Dozens of customers who bought or trialed LilyJade posted statistics to Hackforums that purport to show the plugin spreading virally to tens of thousands of users per day. According to Mundorff, customers who use the system can expect to make about 50 cents per hour for every 100 users who install the plugin.

It’s impossible to verify those numbers or to say exactly how many Facebook users have installed this browser plugin. But the plugin has apparently been successful enough to have caught the attention of Facebook’s security team, which earlier this week sent Mundorff a cease-and-desist order demanding that he stop selling the program.

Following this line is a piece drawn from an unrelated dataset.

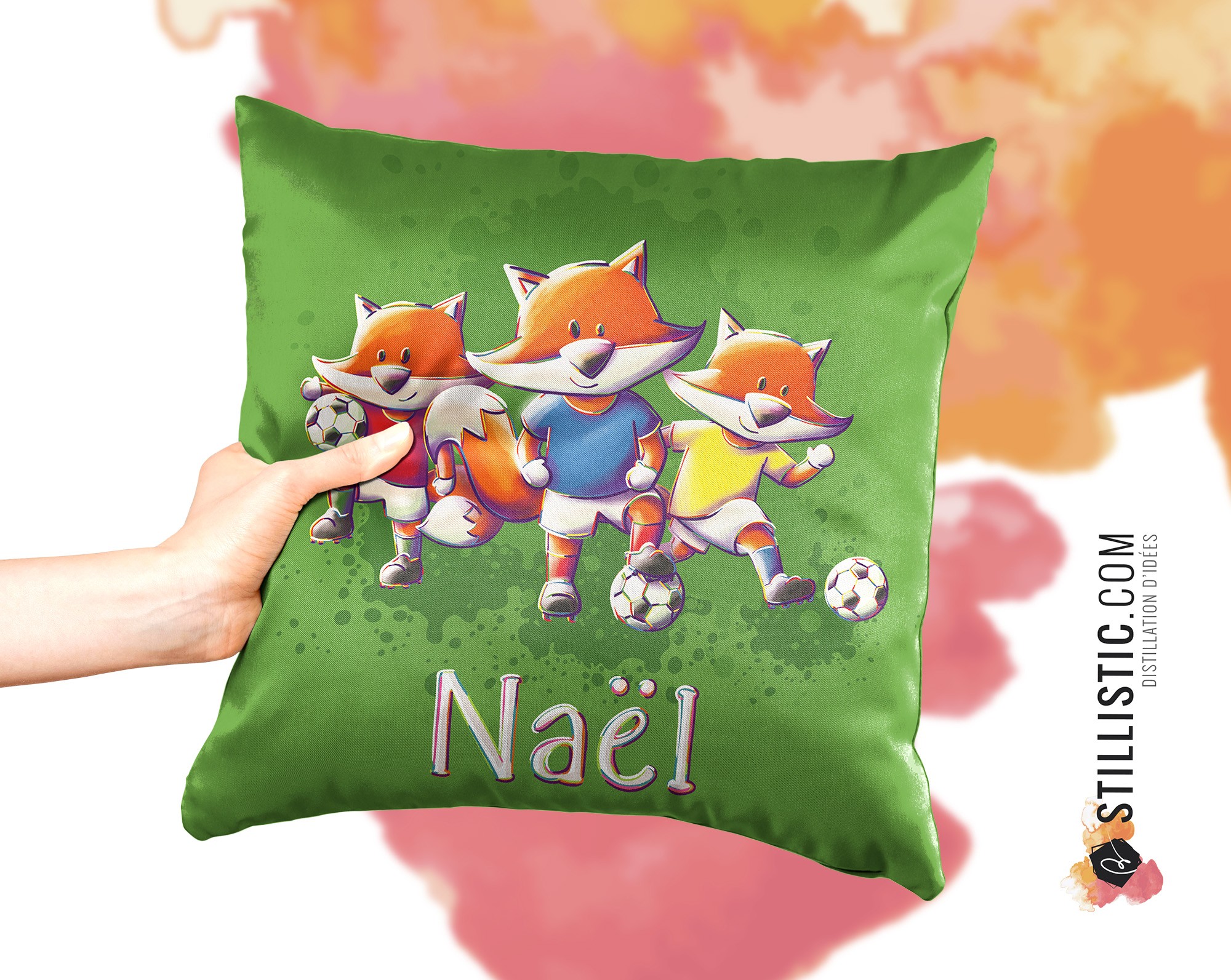 Coupon tissu Coussin de naissance Renards Football Sans substances nocives à découper et coudre (sur commande)

“Plugins such as LilyJade are configured to modify our [site] to inject ads and/or send spam through Facebook to the victim’s friends via wall posts and chat messages,” said Fred Wolens, public policy manager at Facebook. “These alterations materially change people’s Facebook experience and bypass Facebook’s quality and security controls. Additionally, programs like LilyJade can make Facebook slower, cause user confusion and can obfuscate authenticate user content by displaying banner ads.”

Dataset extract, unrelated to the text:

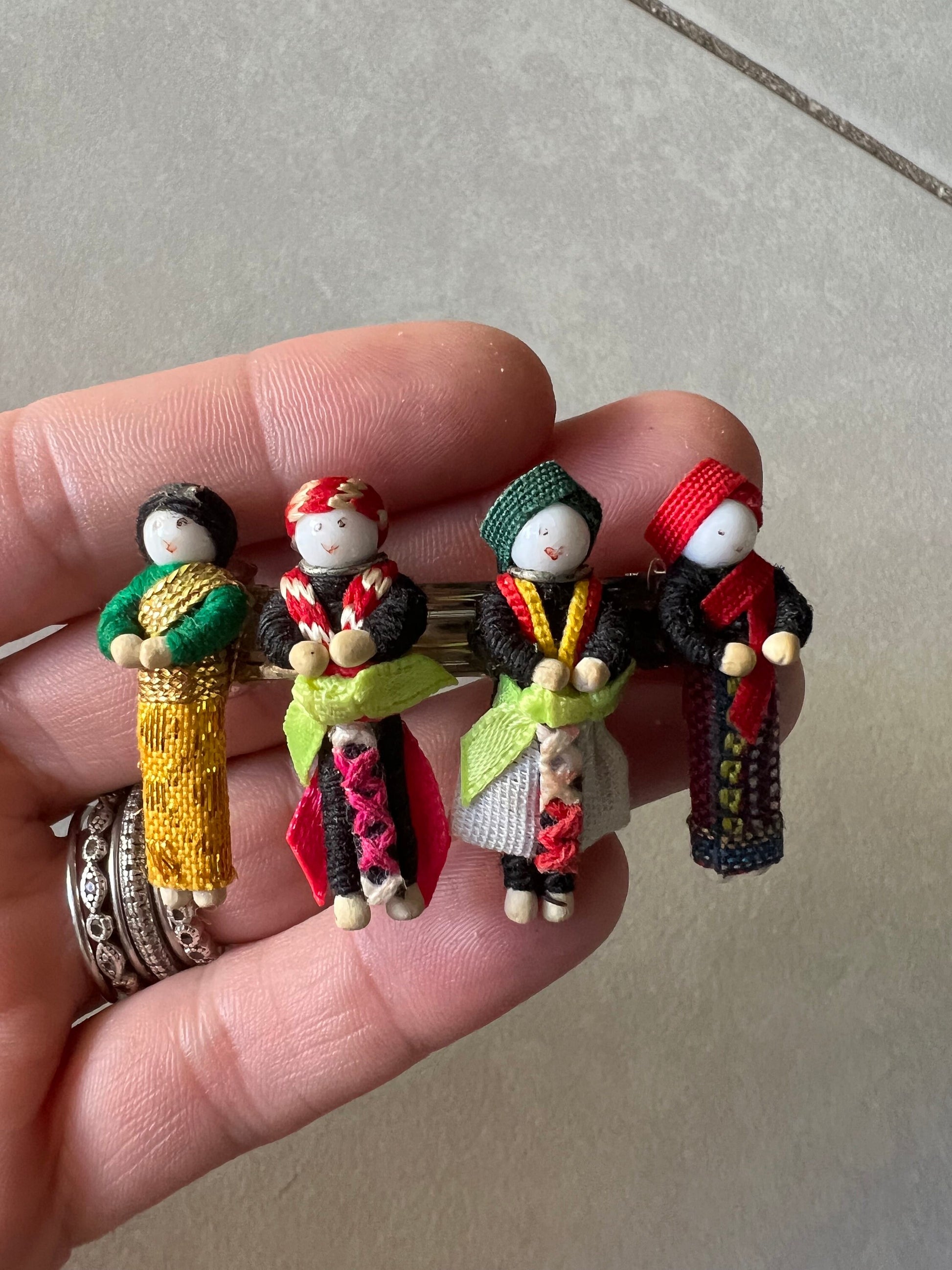 Hand made hair clips with little indigenous people with cloth clothing tiny child novelty hair clip vintage

In a follow-up instant message conversation, Mundorff indicated that he has no intention of bowing to Facebook’s demands.

“I pretty much told them to go fuck themselves cause we cant post on anyones [sic] walls with out there [sic] permissions automated or not,” Mundorff said. “So they can go to hell.”

It remains to be seen who will prevail in this now-public battle (which according to Mundorff has since caught the interest of the anarchic hacker collective Anonymous). I wanted to call attention to this topic because I believe LilyJade is likely the precursor to a stream of malicious cross-browser plugins that we can expect in the coming months and years.

Plugin based threats seem to be especially pernicious because they work seamlessly across multiple operating systems and browsers, and are unlikely to be detected as malicious by antivirus software. What’s more, writing malicious plugins for different browsers has never been easier: Kango, an up-and-coming cross-browser plugin development environment that’s competing with Crossrider, supports plugins on even more browsers, including Opera and Safari.

The purpose of this post is not to cause alarm about legitimate development platforms like Crossrider and Kango, or even to dissuade people from using Facebook. It’s also true that rogue browser plugins are hardly a new problem, and that they can spread just as easily on Facebook as on Twitter, Pinterest or any other community where millions of users gather to share information. Rather, I wanted to remind readers that while modern malware can take many forms, it most often succeeds because computer users agree to install it in one form or another.

When in doubt, always consider Rule #1 from Krebs’s 3 Basic Rules for Online Safety: “If you didn’t go looking for it, don’t install it!” Religiously observing this advice will likely keep you safe from a huge percentage of the malware threats out there today.